** GIVEN RECORDS follows **

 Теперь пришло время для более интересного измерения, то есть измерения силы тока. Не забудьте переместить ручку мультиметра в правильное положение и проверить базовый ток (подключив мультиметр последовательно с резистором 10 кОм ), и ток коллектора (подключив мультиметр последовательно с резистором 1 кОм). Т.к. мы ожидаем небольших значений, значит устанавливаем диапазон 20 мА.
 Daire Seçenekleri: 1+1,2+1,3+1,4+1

** End of GIVEN RECORDS **
** GIVEN RECORDS follows **

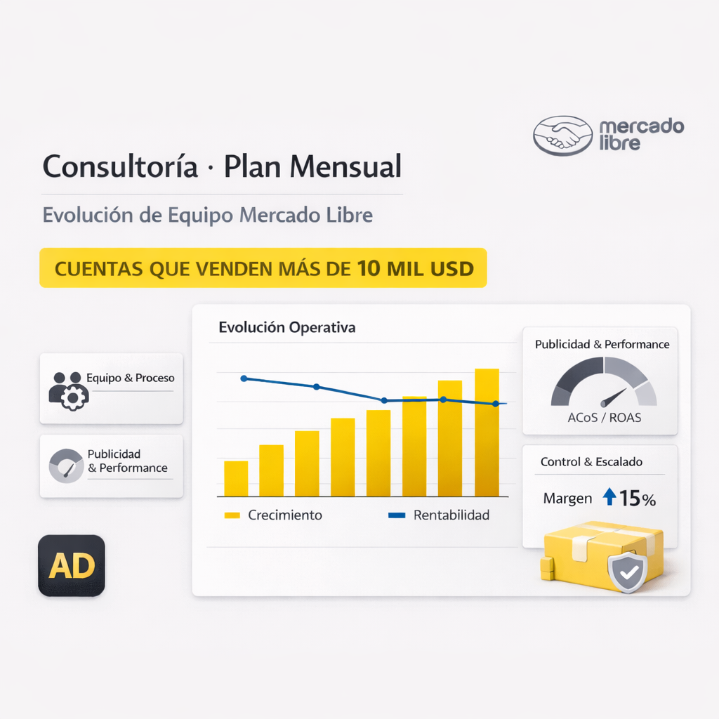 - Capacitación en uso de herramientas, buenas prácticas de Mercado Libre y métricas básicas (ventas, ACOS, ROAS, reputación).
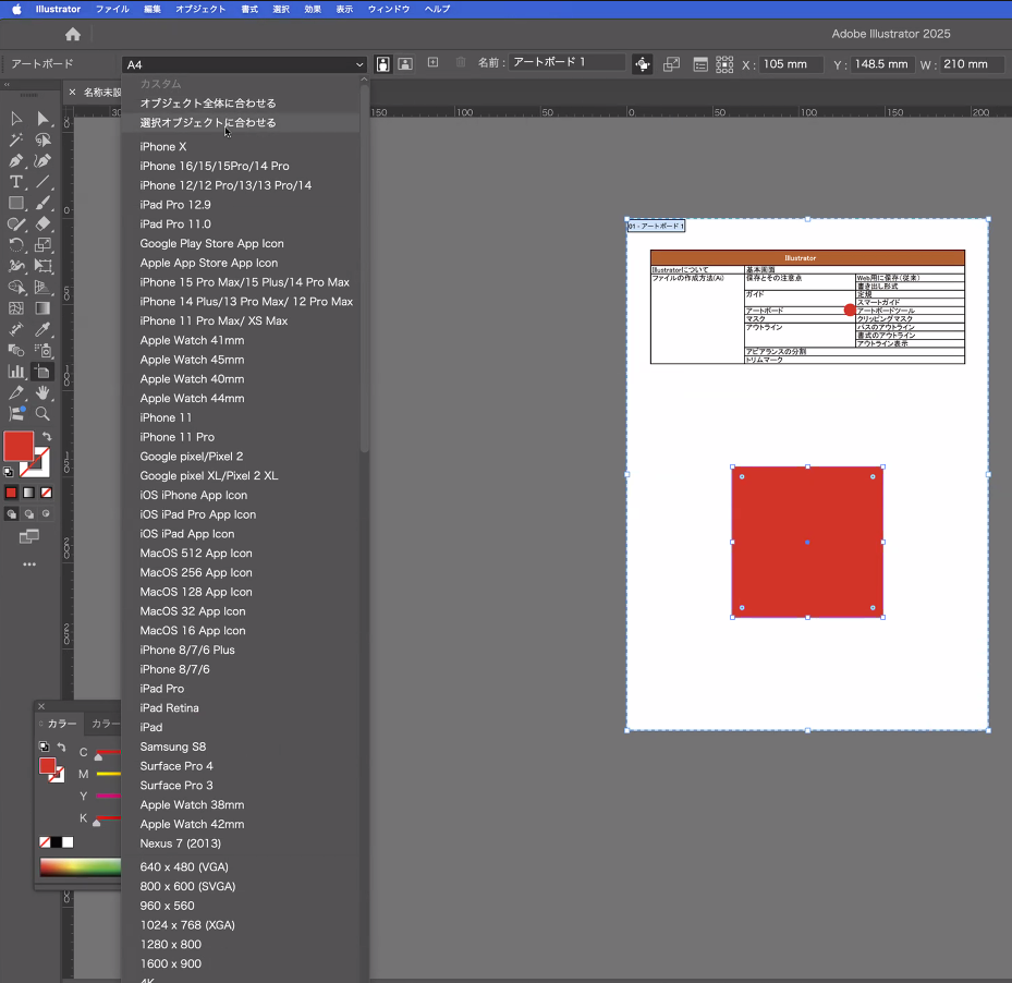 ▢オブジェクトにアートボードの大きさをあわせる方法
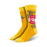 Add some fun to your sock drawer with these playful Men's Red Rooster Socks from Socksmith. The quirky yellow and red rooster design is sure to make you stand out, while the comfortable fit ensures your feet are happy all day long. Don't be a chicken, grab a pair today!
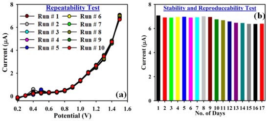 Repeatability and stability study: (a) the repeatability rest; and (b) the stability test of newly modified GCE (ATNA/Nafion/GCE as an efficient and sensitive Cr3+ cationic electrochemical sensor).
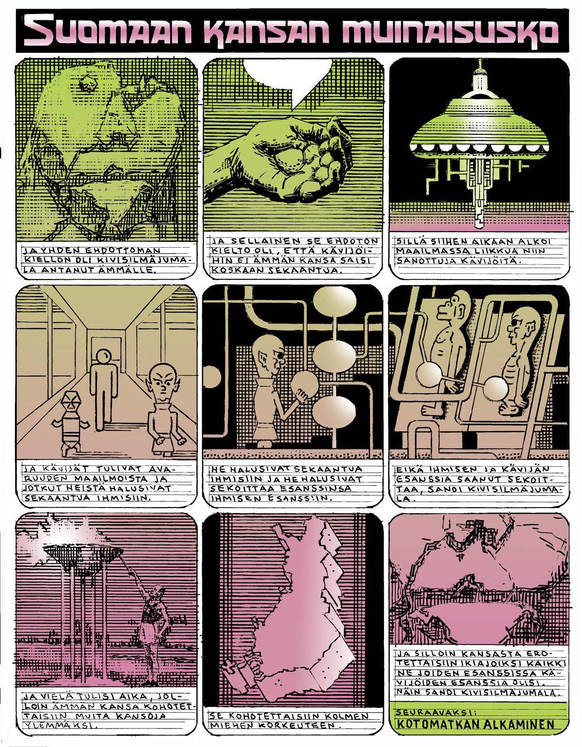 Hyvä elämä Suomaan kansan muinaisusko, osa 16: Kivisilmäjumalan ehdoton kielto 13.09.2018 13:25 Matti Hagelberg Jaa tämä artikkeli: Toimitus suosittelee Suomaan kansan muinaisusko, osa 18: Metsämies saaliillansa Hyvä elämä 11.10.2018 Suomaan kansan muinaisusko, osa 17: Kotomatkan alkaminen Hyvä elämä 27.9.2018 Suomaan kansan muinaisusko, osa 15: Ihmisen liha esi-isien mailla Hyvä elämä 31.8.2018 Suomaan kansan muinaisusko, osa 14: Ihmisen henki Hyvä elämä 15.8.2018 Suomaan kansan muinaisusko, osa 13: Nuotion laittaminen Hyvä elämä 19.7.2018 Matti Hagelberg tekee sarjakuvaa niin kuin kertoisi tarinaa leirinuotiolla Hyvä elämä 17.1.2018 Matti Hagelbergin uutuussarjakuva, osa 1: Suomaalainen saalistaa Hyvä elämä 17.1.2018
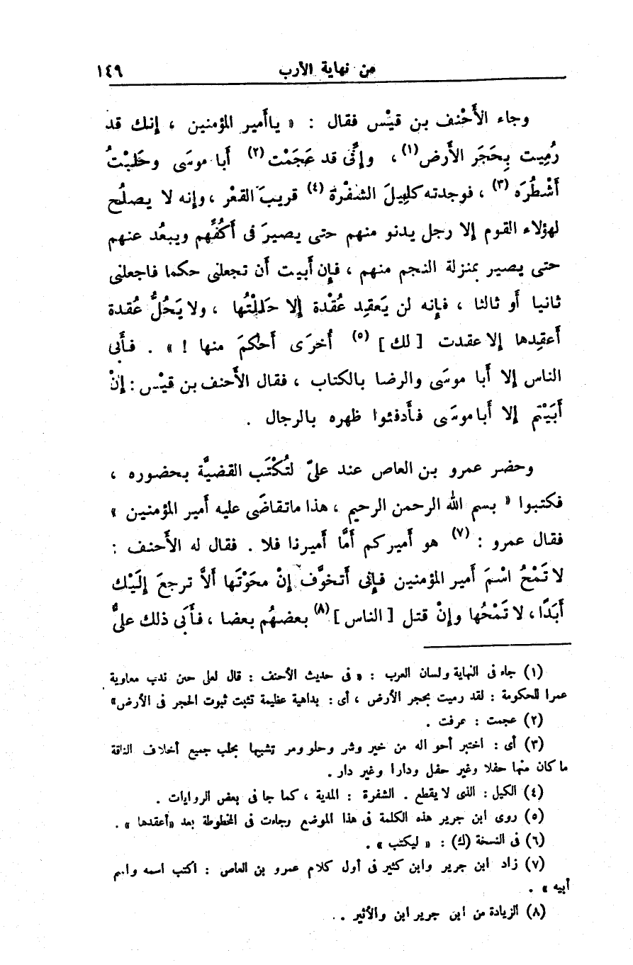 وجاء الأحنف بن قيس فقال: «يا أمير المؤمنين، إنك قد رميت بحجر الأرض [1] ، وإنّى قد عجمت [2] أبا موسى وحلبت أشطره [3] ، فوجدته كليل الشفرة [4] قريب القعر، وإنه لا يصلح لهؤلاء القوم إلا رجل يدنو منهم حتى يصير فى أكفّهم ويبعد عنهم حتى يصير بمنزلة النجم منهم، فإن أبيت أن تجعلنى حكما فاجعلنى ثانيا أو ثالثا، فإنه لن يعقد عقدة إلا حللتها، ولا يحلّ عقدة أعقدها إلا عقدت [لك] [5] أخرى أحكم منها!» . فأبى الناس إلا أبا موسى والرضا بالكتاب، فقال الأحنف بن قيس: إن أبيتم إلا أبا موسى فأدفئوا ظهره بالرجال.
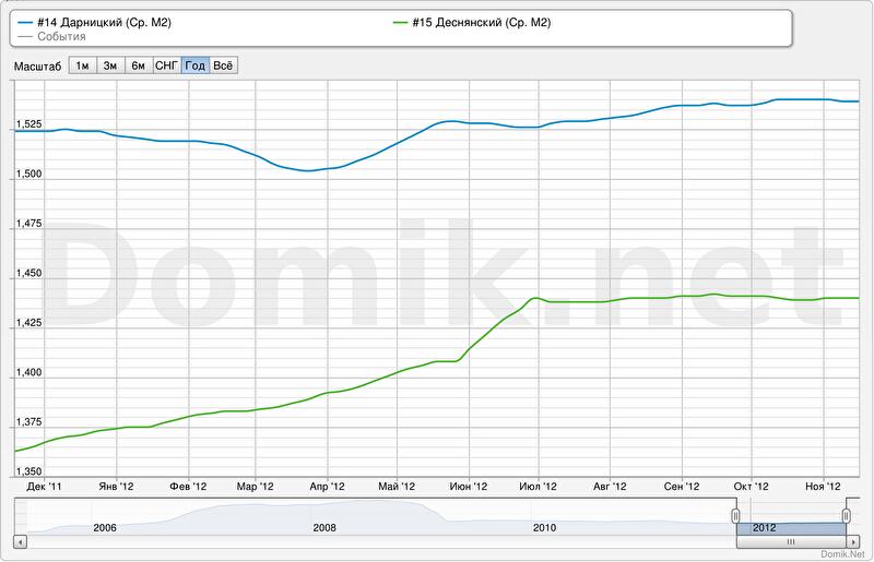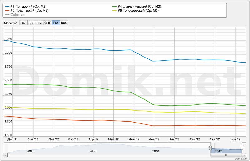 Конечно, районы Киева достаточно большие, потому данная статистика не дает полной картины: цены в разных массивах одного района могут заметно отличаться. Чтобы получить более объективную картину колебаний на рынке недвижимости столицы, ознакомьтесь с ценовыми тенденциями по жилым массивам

** End of GIVEN RECORDS **
** GIVEN RECORDS follows **

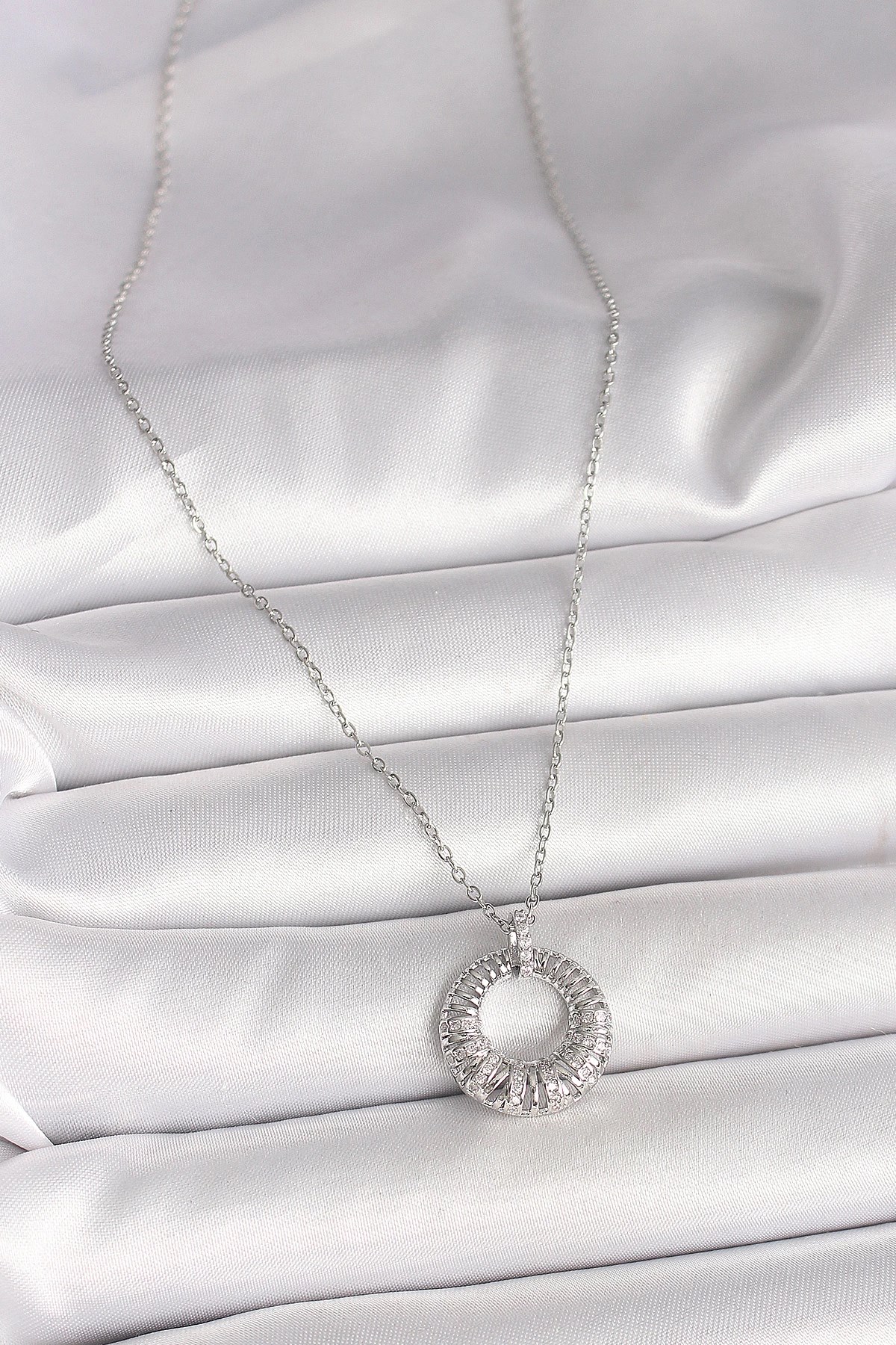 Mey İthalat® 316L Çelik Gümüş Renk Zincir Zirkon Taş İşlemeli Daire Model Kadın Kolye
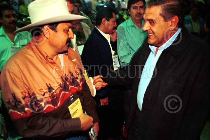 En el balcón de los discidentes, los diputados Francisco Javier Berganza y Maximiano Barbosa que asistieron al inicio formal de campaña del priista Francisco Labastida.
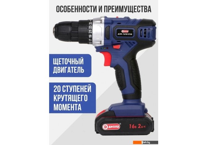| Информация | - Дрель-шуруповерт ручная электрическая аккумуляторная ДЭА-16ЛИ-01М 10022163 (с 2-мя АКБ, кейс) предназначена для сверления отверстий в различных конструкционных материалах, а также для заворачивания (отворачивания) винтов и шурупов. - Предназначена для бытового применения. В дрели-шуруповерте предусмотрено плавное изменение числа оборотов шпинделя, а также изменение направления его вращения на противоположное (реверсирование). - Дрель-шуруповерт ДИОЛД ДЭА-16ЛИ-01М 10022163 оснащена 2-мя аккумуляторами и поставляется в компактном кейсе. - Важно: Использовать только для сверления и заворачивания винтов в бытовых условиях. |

** End of GIVEN RECORDS **

▶ _WORK REQUEST_: Reproduce only the lines above, starting at the line with "Теперь пришло время" and ending at the line with "Daire Seçenekleri: 1+1,2+1,3+1,4+1", exactly as written.

▶ _EXERCISE RESULT_:
 Теперь пришло время для более интересного измерения, то есть измерения силы тока. Не забудьте переместить ручку мультиметра в правильное положение и проверить базовый ток (подключив мультиметр последовательно с резистором 10 кОм ), и ток коллектора (подключив мультиметр последовательно с резистором 1 кОм). Т.к. мы ожидаем небольших значений, значит устанавливаем диапазон 20 мА.
 Daire Seçenekleri: 1+1,2+1,3+1,4+1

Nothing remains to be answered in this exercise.